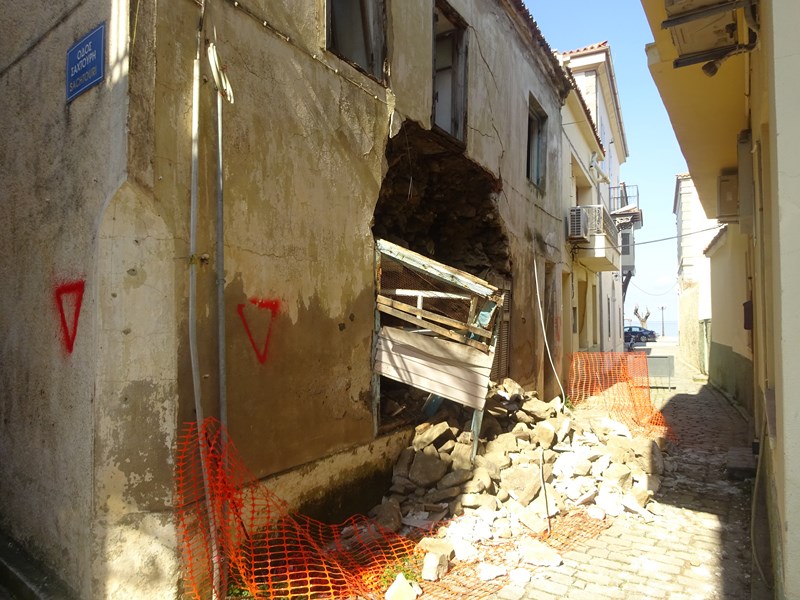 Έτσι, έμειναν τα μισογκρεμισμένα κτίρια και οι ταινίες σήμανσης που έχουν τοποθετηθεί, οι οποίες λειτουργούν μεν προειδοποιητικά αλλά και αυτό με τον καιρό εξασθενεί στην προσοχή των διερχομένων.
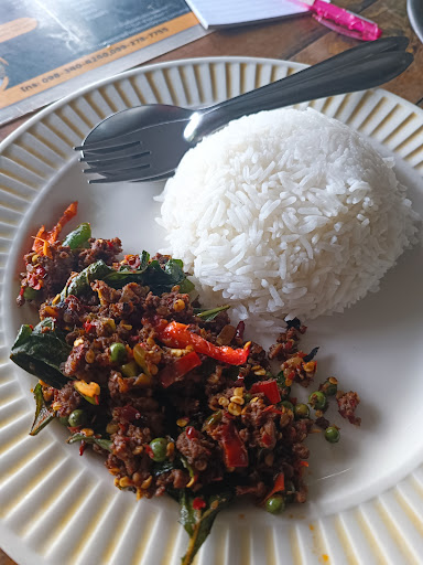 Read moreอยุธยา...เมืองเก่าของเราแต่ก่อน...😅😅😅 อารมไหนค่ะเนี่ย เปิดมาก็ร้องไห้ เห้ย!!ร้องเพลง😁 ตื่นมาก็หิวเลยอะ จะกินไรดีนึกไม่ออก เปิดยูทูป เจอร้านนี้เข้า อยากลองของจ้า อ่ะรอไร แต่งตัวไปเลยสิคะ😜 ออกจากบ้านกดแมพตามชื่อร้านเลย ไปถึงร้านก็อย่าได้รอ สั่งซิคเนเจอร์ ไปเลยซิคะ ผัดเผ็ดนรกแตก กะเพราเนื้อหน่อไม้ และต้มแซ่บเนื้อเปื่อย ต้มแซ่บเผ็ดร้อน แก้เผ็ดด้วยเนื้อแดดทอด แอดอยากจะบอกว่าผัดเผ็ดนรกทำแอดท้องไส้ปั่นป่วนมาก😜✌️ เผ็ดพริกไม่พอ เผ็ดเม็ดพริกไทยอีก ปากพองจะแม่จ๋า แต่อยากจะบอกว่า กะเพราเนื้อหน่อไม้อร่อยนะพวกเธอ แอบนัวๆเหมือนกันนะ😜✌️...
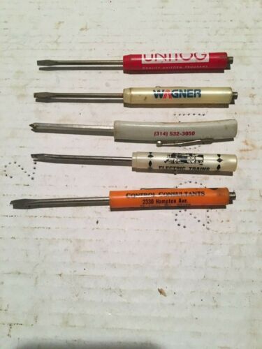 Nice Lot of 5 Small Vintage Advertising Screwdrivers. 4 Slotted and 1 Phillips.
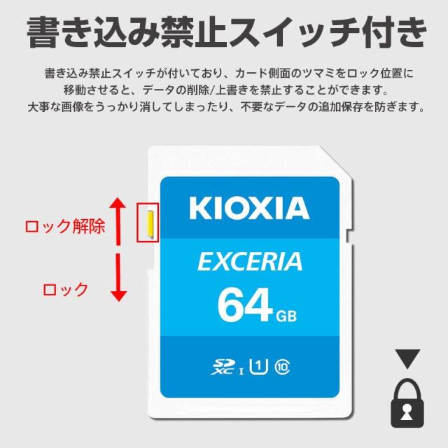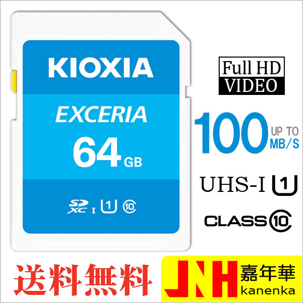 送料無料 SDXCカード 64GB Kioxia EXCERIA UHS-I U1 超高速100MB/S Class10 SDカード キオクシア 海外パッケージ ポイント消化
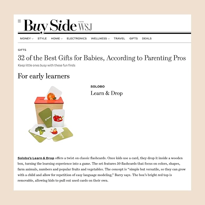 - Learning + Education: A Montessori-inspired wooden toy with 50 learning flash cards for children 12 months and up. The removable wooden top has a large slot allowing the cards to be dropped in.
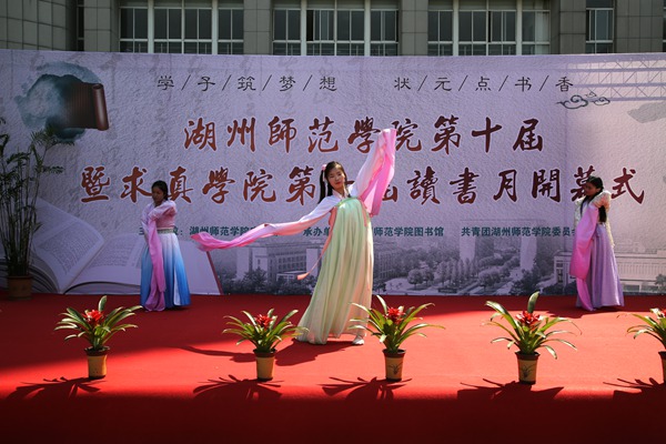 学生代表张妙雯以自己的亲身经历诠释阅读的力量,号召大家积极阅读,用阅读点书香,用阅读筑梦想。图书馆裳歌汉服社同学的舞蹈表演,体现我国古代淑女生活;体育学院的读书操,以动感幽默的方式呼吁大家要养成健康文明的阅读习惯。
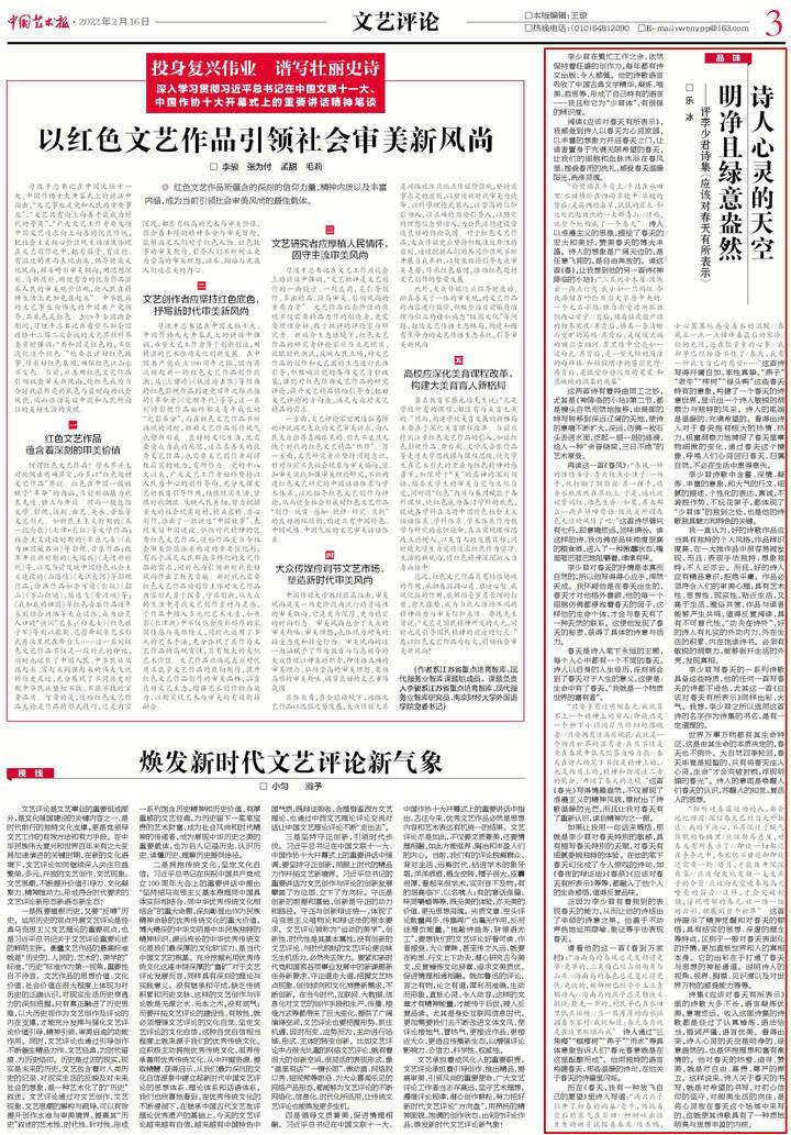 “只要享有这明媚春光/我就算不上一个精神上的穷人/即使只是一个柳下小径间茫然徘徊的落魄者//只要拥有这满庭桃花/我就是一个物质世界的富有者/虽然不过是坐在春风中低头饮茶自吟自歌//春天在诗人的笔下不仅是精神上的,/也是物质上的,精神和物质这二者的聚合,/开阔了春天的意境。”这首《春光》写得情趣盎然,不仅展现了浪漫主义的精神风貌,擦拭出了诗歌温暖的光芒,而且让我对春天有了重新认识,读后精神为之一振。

********************

_Work request_. The reply needs to repeat exactly the line containing "送料無料 SDXCカード 64GB" and each line after it, through the final line of the entries above, and to skip the pictures.

_Answer to this exercise_.
 送料無料 SDXCカード 64GB Kioxia EXCERIA UHS-I U1 超高速100MB/S Class10 SDカード キオクシア 海外パッケージ ポイント消化
 - Learning + Education: A Montessori-inspired wooden toy with 50 learning flash cards for children 12 months and up. The removable wooden top has a large slot allowing the cards to be dropped in.
 学生代表张妙雯以自己的亲身经历诠释阅读的力量,号召大家积极阅读,用阅读点书香,用阅读筑梦想。图书馆裳歌汉服社同学的舞蹈表演,体现我国古代淑女生活;体育学院的读书操,以动感幽默的方式呼吁大家要养成健康文明的阅读习惯。
 “只要享有这明媚春光/我就算不上一个精神上的穷人/即使只是一个柳下小径间茫然徘徊的落魄者//只要拥有这满庭桃花/我就是一个物质世界的富有者/虽然不过是坐在春风中低头饮茶自吟自歌//春天在诗人的笔下不仅是精神上的,/也是物质上的,精神和物质这二者的聚合,/开阔了春天的意境。”这首《春光》写得情趣盎然,不仅展现了浪漫主义的精神风貌,擦拭出了诗歌温暖的光芒,而且让我对春天有了重新认识,读后精神为之一振。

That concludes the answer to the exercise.